Complex Genotype Mixtures Analyzed by Deep Sequencing in Two Different Regions of Hepatitis B Virus

Abstract

This study assesses the presence and outcome of genotype mixtures in the polymerase/surface and X/preCore regions of the HBV genome in patients with chronic hepatitis B virus (HBV) infection. Thirty samples from ten chronic hepatitis B patients were included. The polymerase/surface and X/preCore regions were analyzed by deep sequencing (UDPS) in the first available sample at diagnosis, a pre-treatment sample, and a sample while under treatment. HBV genotype was determined by phylogenesis. Quasispecies complexity was evaluated by mutation frequency and nucleotide diversity. The polymerase/surface and X/preCore regions were validated for genotyping from 113 GenBank reference sequences. UDPS yielded a median of 10,960 sequences per sample (IQR 16,645) in the polymerase/surface region and 11,595 sequences per sample (IQR 14,682) in X/preCore. Genotype mixtures were more common in X/preCore (90%) than in polymerase/surface (30%) (p<0.001). On X/preCore genotyping, all samples were genotype A, whereas polymerase/surface yielded genotypes A (80%), D (16.7%), and F (3.3%) (p = 0.036). Genotype changes in polymerase/surface were observed in four patients during natural quasispecies dynamics and in two patients during treatment. There were no genotype changes in X/preCore. Quasispecies complexity was higher in X/preCore than in polymerase/surface (p = 0.004). The results provide evidence of genotype mixtures and differential genotype proportions in the polymerase/surface and X/preCore regions. The genotype dynamics in HBV infection and the different patterns of quasispecies complexity in the HBV genome suggest a new paradigm for HBV genotype classification.

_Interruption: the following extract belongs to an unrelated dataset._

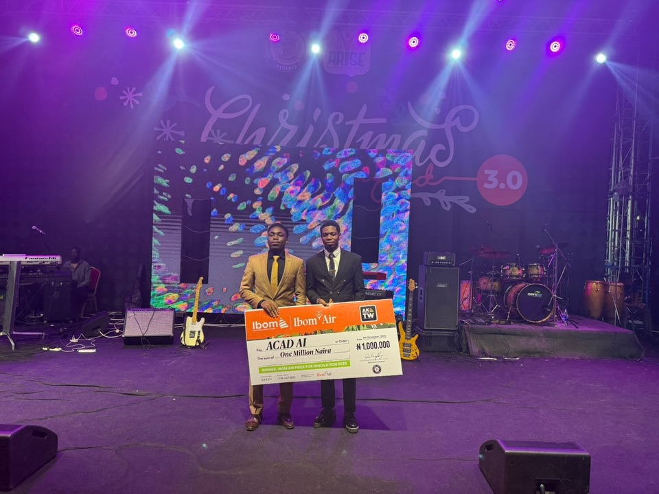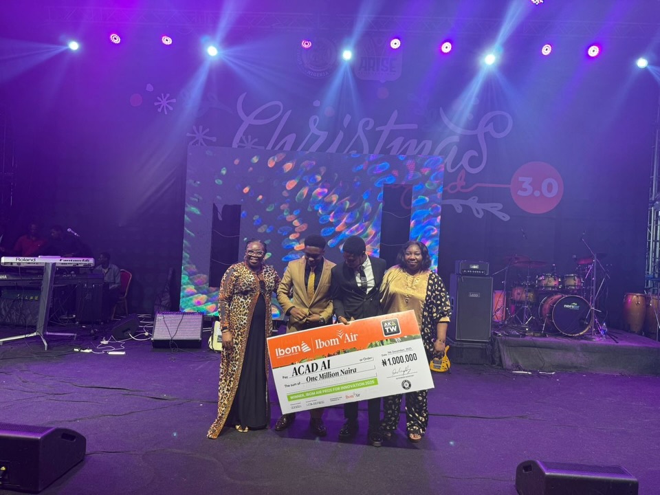 Last Sunday, at our Ibom Air Day celebration at the Christmas Park, we had the honour of officially presenting the ₦1,000,000 prize to Nsikak and Philip Ebong, the founders of ACAD AI and the winners of the Ibom Air Prize for Innovation Challenge at Akwa Ibom Tech Week 2025.

Fig 1. Regions of the HBV genome amplified for the present study: P/S is indicated in green and X/preCore in pink.

Fig 2. UPGMA tree obtained from the polymerase/surface (a) and the X/preCore (b) regions of the three samples from Pt 4.

The main haplotype of the first sample (First.0.0.0001) was genotyped as A, whereas the main haplotype of the second and third sample (Second.0.0.0001 and Third.0.0.0001) was genotype as D. At the X/preCore region, the main genotype was A, but Gen/DE and F haplotypes were also observed. Genotype reference sequences for the two regions: A2_X02763; B1_AB362933; C1_AB112066; D1_X59795 (for P/S region); DE_ D1_X59795 (for X/preCore region); E1_X75664 (for P/S region); DE_E1_X75664 (for X/preCore region); F1_HM590471; G0_HE981172; H0_AB275308; I0_FJ023664; J0_AB486012.

Fig 3. Distribution of quasispecies complexity in all the samples analyzed according to mutation frequency (a) and nucleotide diversity (b) in the polymerase/surface (P/S) and X/preCore regions.